Our working day started at 8 am precisely. We would begin by moving the racks of drying spaghetti, linguine or tagliatelle which had been stored on wooden drying rods in darkened rooms overnight. The pasta was carefully scooped off the rods, taking care not to break any of the brittle strands, and bundled neatly onto the bench for packing. Each stack was then weighed to a precise weight: after a while it was easy to gauge this visually. The pasta was placed in small boxes, ready for the machine to wrap and seal with the La Tosca logo. These packets were then placed in large boxes, twenty to a box, ready for the delivery trucks. The work was relentless and swift: there was no time for conversation beyond the conveying of basic instructions.
At 10 am on the dot, a whistle would sound, and a short Neapolitan woman would yell “Andiamo,” let’s go. All activity ceased instantly, machines and work stations were abandoned, the factory floor silenced by the call to coffee. We climbed the narrow stairs in single file and gathered in a cramped morning tea room above the factory floor for a piccolo cafe ristretto, made in an old beaten up aluminium Napolitana by the Andiamo lady. Ten minutes later it was back to work. Huge dough mixers gyrated above, operated by men on platforms, moving effortlessly in a noisy industrial ballet. Other machines chugged permanently in the background- pasta cutters, ravioli stuffers, packing machines- the factory floor was alive with mechanical noise. The strong coffee kept us going for more back-breaking work, boxing, stacking, wrapping, then sweeping, constantly inpiedi for the 8 hour working day. I lasted for about 6 weeks at the La Tosca Pasta factory- the unremitting noise eventually drove me demented, my legs longed for that moment of rest and my back was trashed. I began to consider other forms of paid work.

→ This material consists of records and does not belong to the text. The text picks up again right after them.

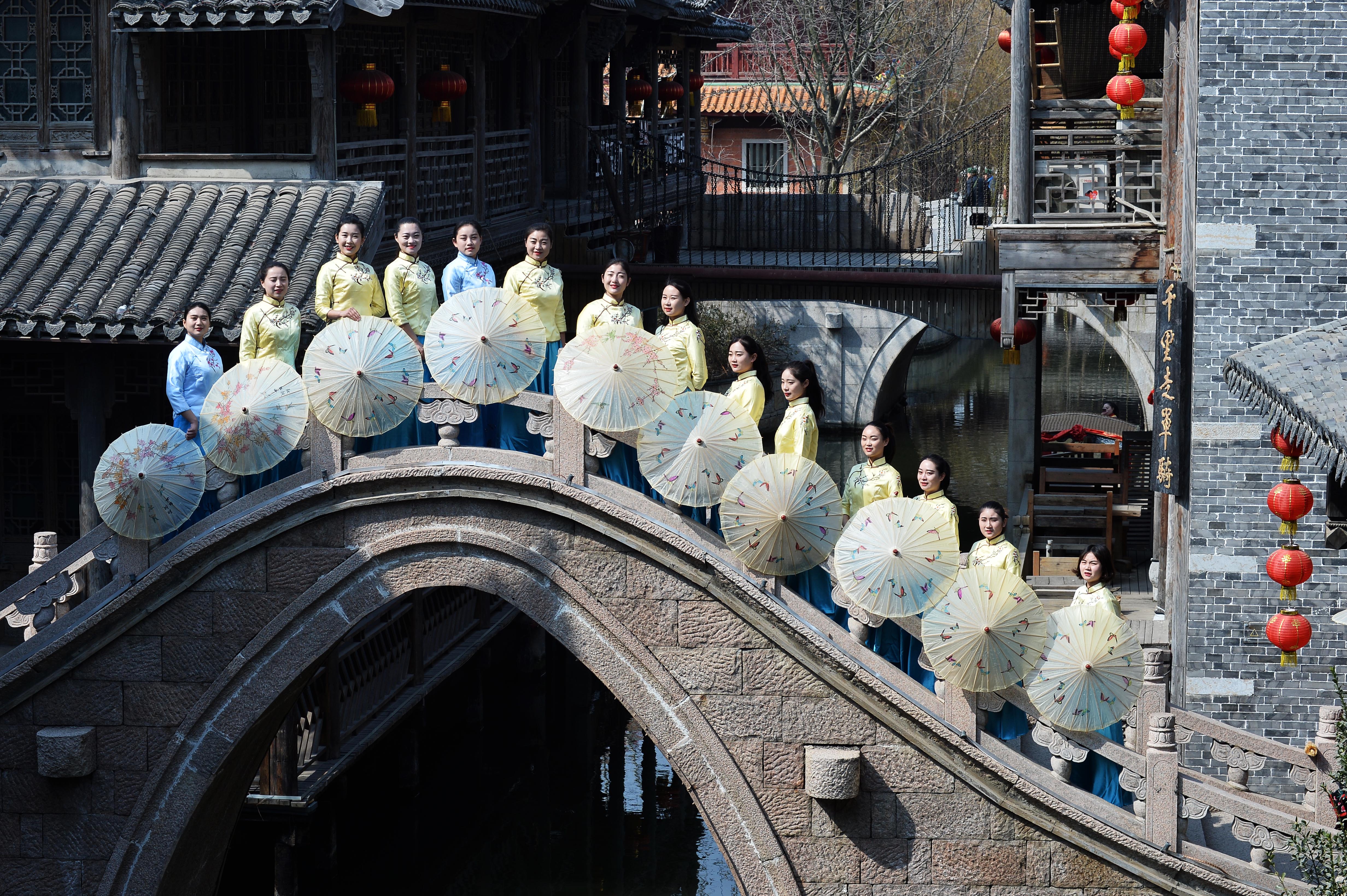 3月7日,在山東省棗莊市臺兒莊古城,景區(qū)女職工們參加水鄉(xiāng)服飾秀。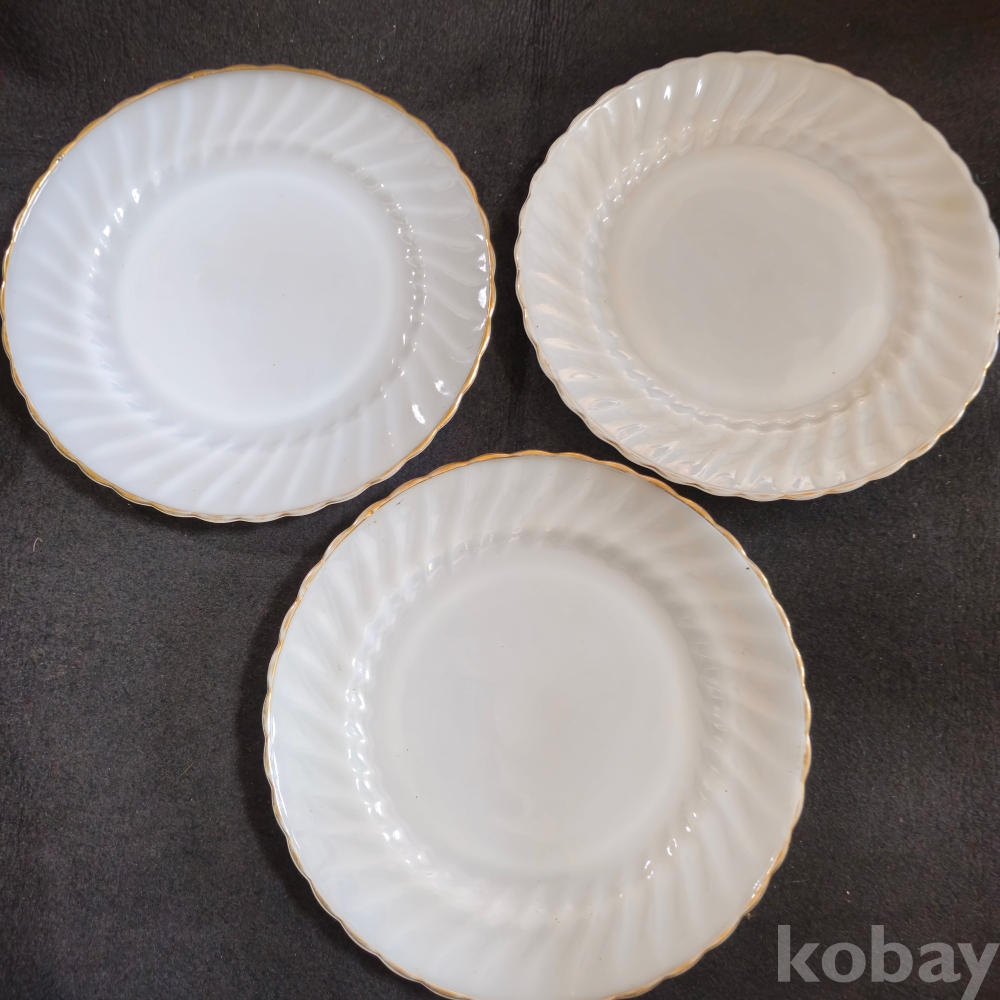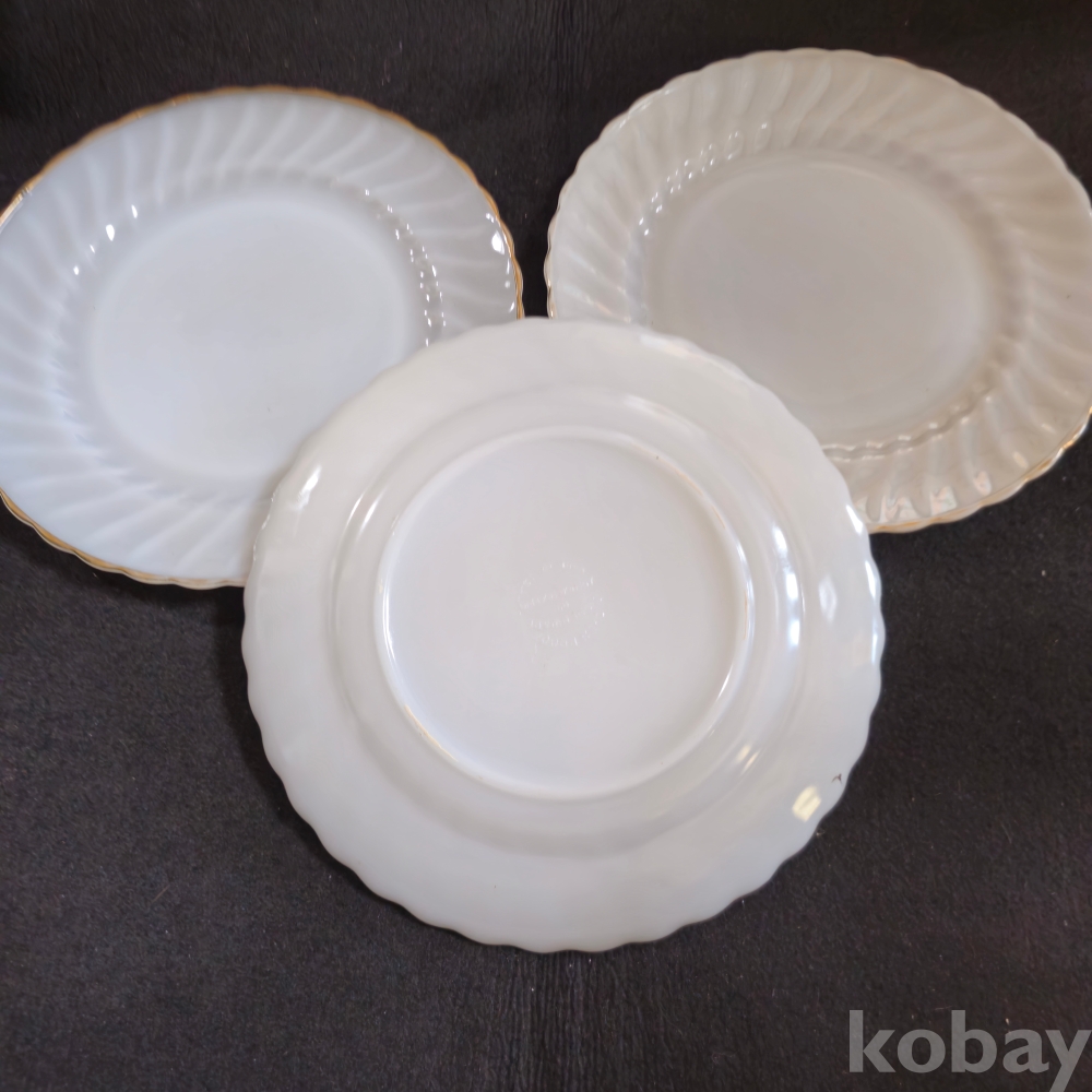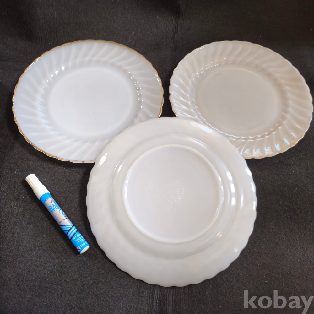 ((빈티지접시))) 오래전 미국에서만든 비교적 큼지막한 ANCHOR HOCKING (앵커호킹) 빈티지 빗살무늬 밀크 접시 3개 (지름 25.5 cm)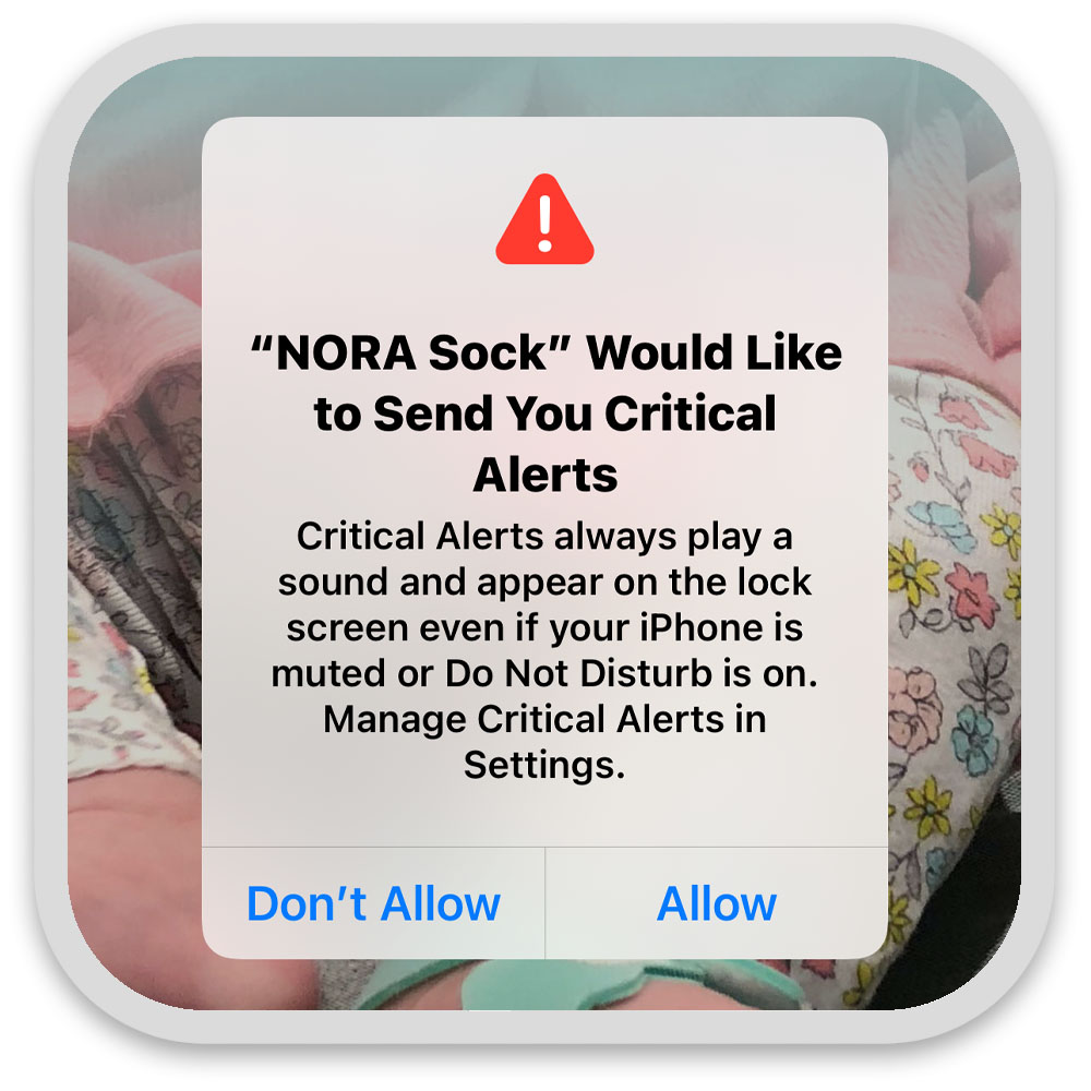 All notifications and alerts in the NORA Sock App can be individually turned on or off, so it fits into your situation without compromise. Heart rate and sleep position are 'critical alerts'. They can override Silent-mode and Do-not-disturb. The overriding can be enabled or disabled in iPhone and Android settings.

In that short time, I came to admire the endurance and stamina of these women who had worked in factories since migrating to Australia in the 1950s and 60s, sturdy middle- aged and older women, dressed in sensible and spotlessly clean factory uniforms, standing solidly on concrete floors in stockinged legs and sensible shoes. The work was hard and relentless. They made the pasta that Melbourne came to love.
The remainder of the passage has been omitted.